◆ EXERCISE PROMPT ◆
In the records below, the relevant part opens with the line containing "Sabrina Carpenter - Man’s" and closes with the line containing "- Универсальность —"; print that part exactly and only, without its pictures.

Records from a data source
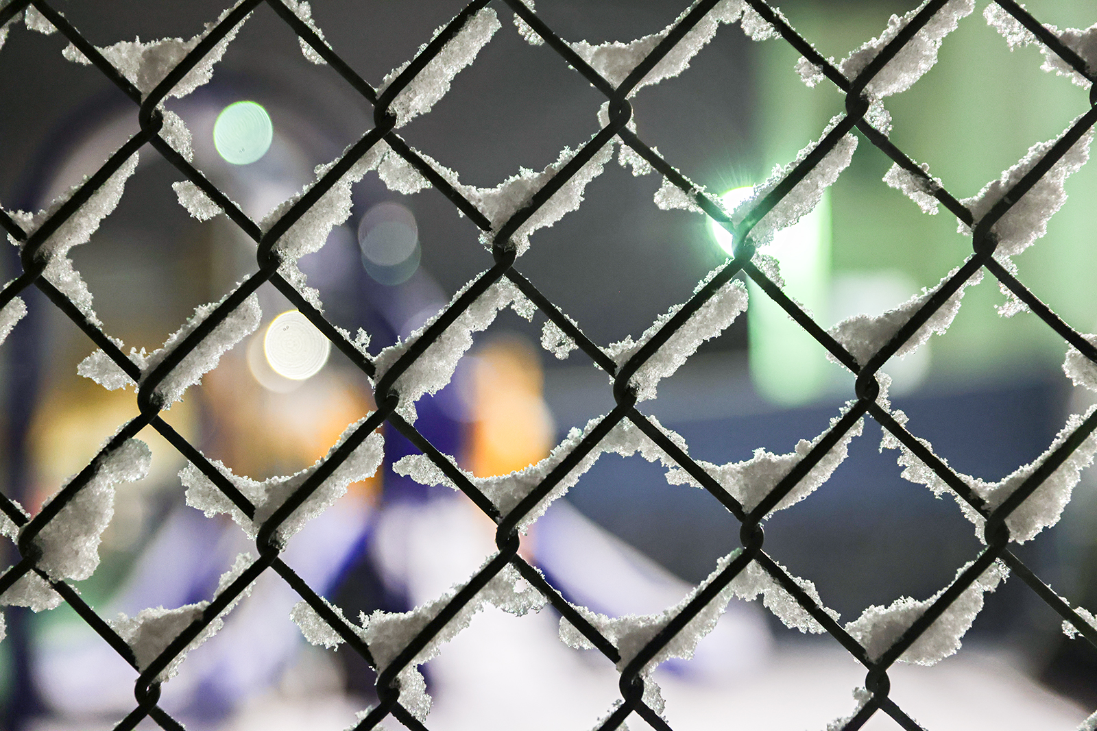A chainlink fence by night in Kalispell after the first notable snowfall of the season in the city on Nov. 24, 2025. Hunter D’Antuono | Flathead Beacon
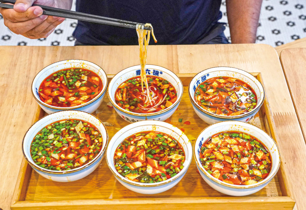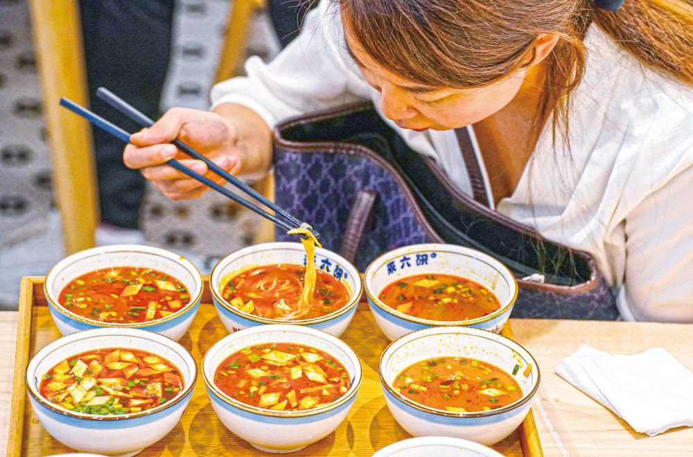 “臊子面也被称作‘一口香’,顾名思义就是每碗面只有一口的量,这种吃法可以极大保留汤的鲜美,品尝面条的筋道。因此,岐山人把吃臊子面也叫‘吸’臊子面。”杨慧敏说,“一个人一次单独吃上几十碗岐山臊子面也不稀奇,现在饭店里的一份臊子面多是六小碗。”
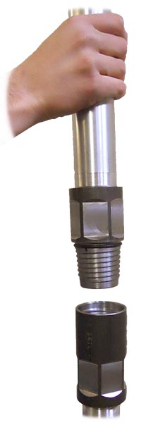 We have two different sizes available. On the smaller size, the aluminum has an OD of 1.95" and an ID of 1.375", with 2.5" OD steel end connections. Standard elevators for 1-1/2" pipe can be used with this AFP size. For the larger size, the aluminum OD is 2.91" and the ID is 2.1", with 3.5" OD steel ends connections. Standard elevators for 2-1/2" pipe can be used with this AFP size.
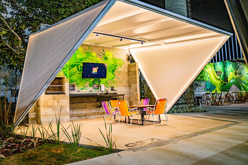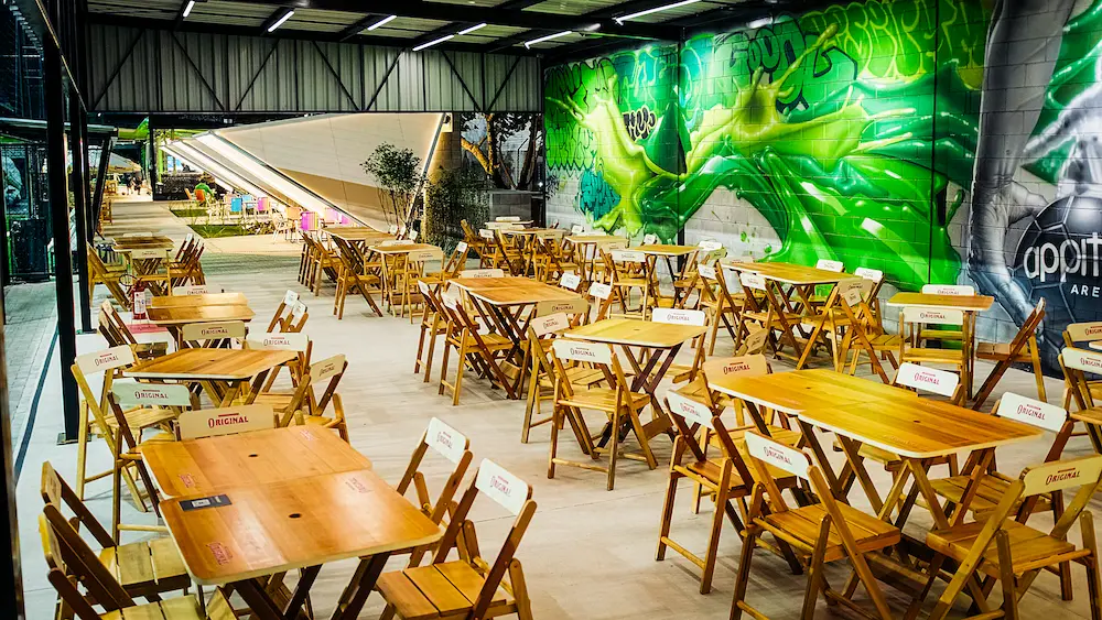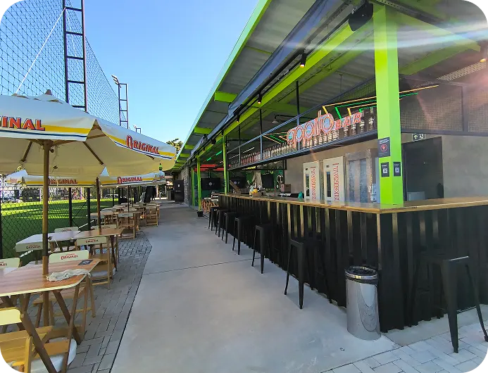 Espaços reservados e equipados para o pós-jogo ideal ou uma confraternização inesquecível. Cada churrasqueira conta com mesas, cadeiras, geladeira, TV, Wi-Fi, grelhas, espetos e utensílios de churrasco — tudo pronto pra resenha começar.
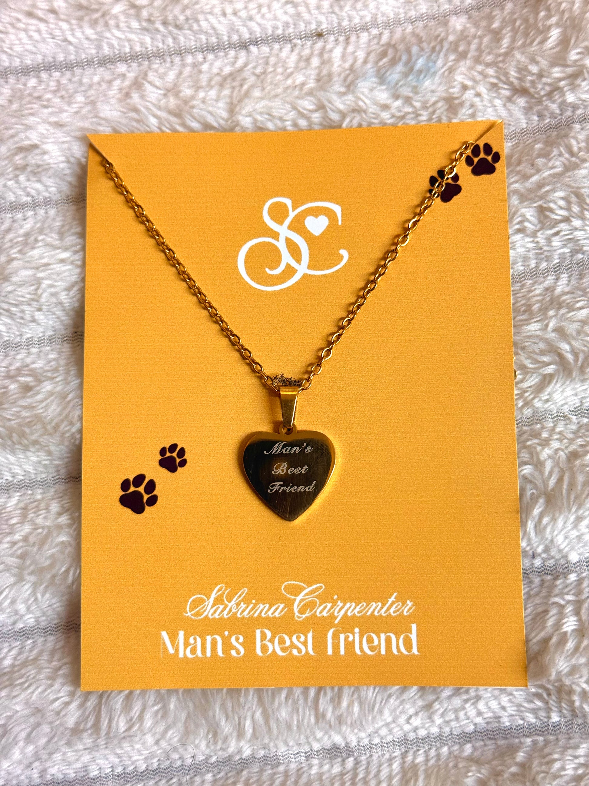 Sabrina Carpenter - Man’s Best Friend Engraved' Gold Heart Necklace
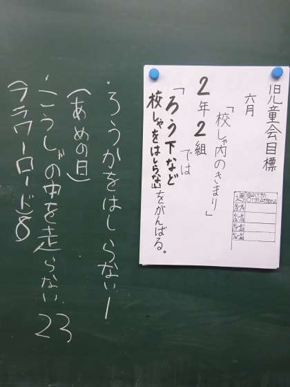 6月の児童会目標は,「校舎内のきまりを守ろう。」です。2年2組では,それをもとに,「廊下などの校舎内を走らないこと」をがんばりたいと思います。
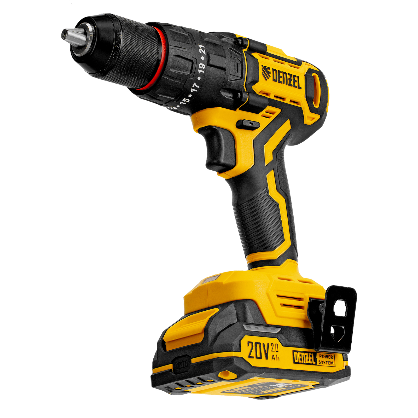 - Универсальность — аккумулятор Li-Ion емкостью 2 А·ч совместим со всеми инструментами единой платформы Denzel Power System 20V.
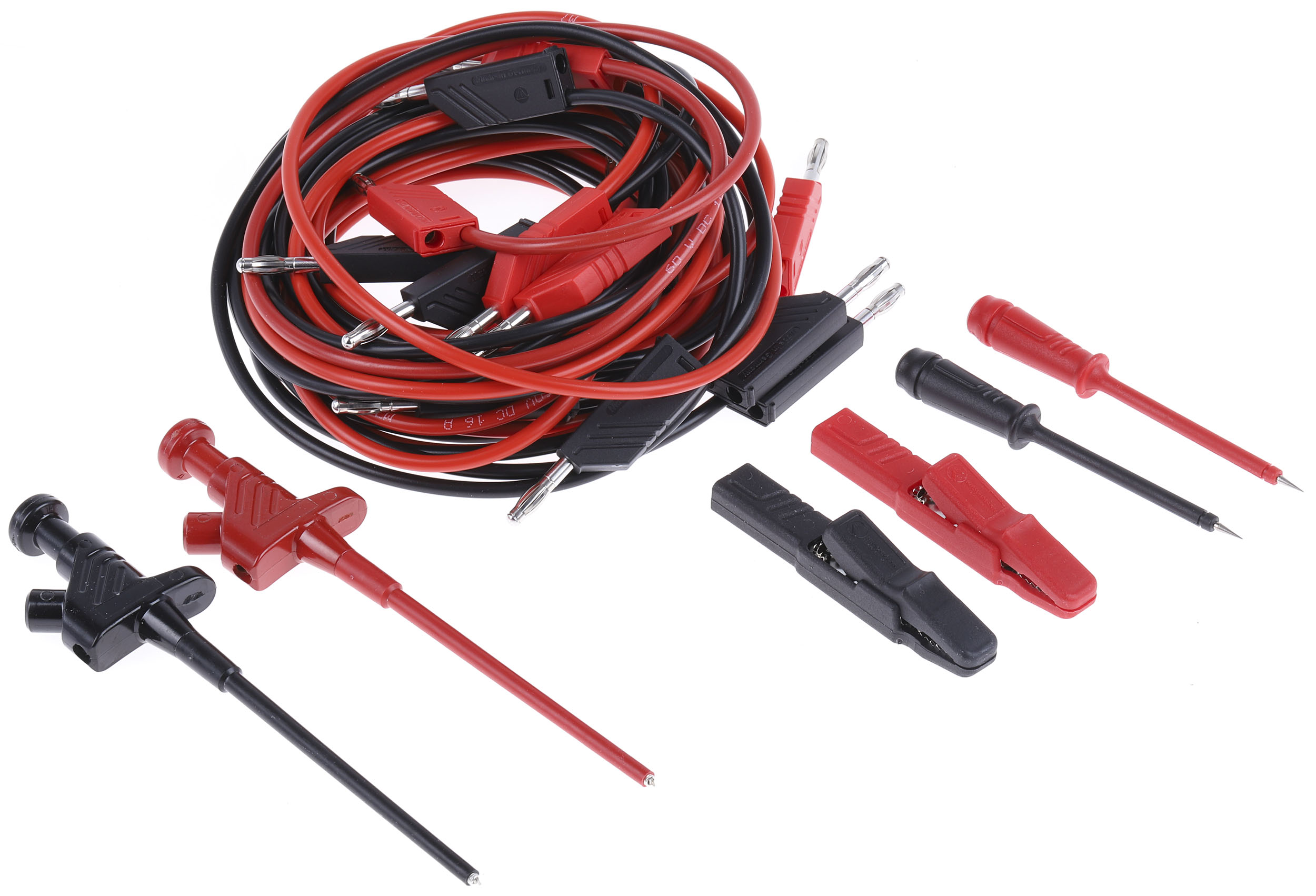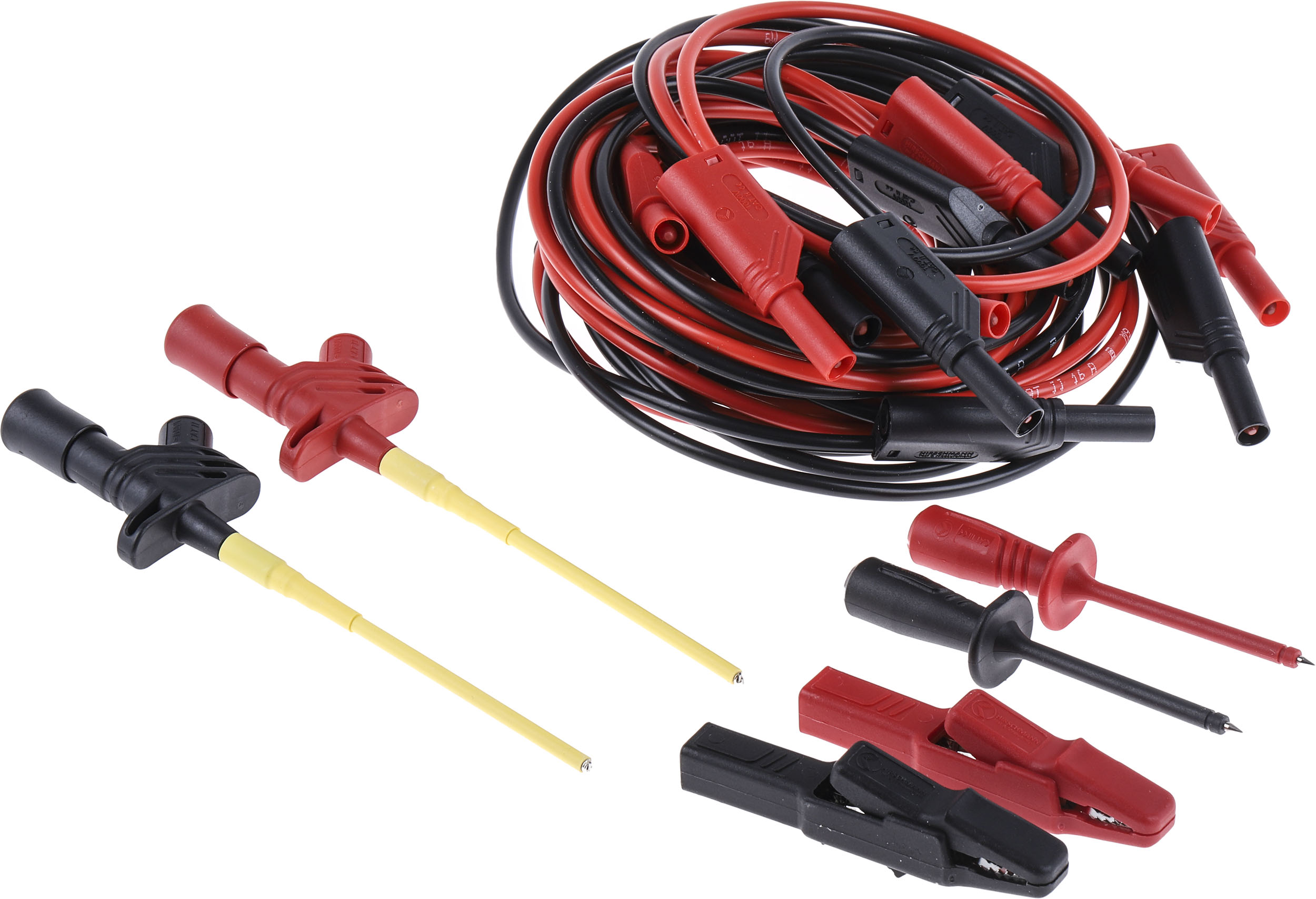 Zestaw przewodów pomiarowych, zawartość: Sonda pomiarowa zaciskowa, zacisk krokodylkowy, przewód pomiarowy, sonda

◆ RESULT OF THIS TASK ◆
 Sabrina Carpenter - Man’s Best Friend Engraved' Gold Heart Necklace
 6月の児童会目標は,「校舎内のきまりを守ろう。」です。2年2組では,それをもとに,「廊下などの校舎内を走らないこと」をがんばりたいと思います。
 - Универсальность — аккумулятор Li-Ion емкостью 2 А·ч совместим со всеми инструментами единой платформы Denzel Power System 20V.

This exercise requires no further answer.